Schwangere nach Notoperation gerettet – Baby tot

Das ungeborene Kind wurde ebenfalls verletzt und verstarb kurze Zeit später. Der „Flüchtling“ floh zunächst einmal mehr, diesmal aus dem Krankenhaus. Anschließend stellte er sich bei der Bundespolizei am Bahnhof Bad Kreuznach, wo er festgenommen und an die Polizei überstellt wurde.

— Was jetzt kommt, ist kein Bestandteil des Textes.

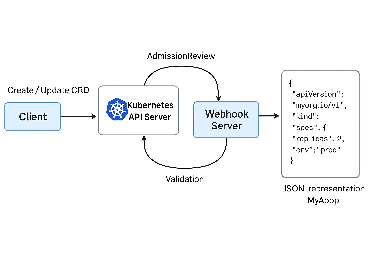 // api/v1/myapp_types.go type MyAppSpec struct { Replicas int `json:"replicas"` Env string `json:"env"` Logging bool `json:"logging,omitempty"` } type MyApp struct { metav1.TypeMeta `json:",inline"` metav1.ObjectMeta `json:"metadata,omitempty"` Spec MyAppSpec `json:"spec,omitempty"` }2. Validation Webhook 구현
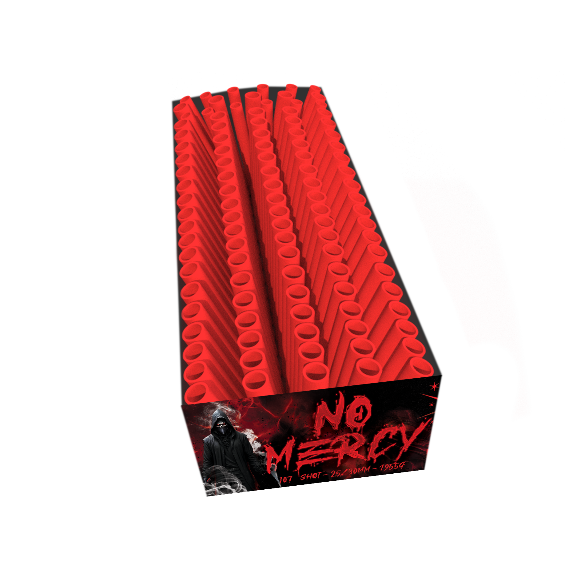 No Mercy features an astonishing 107 shots from 25mm and 30mm tubes—a truly breathtaking compound packed with countless effects and colours. Check out the video to see it in action. It’s relentless and shows no mercy at all!

Die Staatsanwaltschaft Bad Kreuznach hat in Zusammenarbeit mit der Kriminalpolizei Mainz die Ermittlungen aufgenommen. Zu den Hintergründen der Tat ist derzeit noch nichts bekannt.

Messermord an lebensfähigem Ungeborenen ist „Schwangerschaftsabbruch“

Nach Vorführung des 25-jährigen Schutzsuchenden bei einem Haftrichter ordnete dieser heute Mittag die Untersuchungshaft wegen versuchten Mordes in Tateinheit mit vollendetem Schwangerschaftsabbruch und gefährlicher Körperverletzung an.

Nachdem das Opfer eine Polin ist, wird dieser Vorfall nicht gerade dazu beitragen, dass in Ländern wie Polen der Appetit steigt, sich von derartigen „Flüchtlingen“ ebenfalls bereichern zu lassen.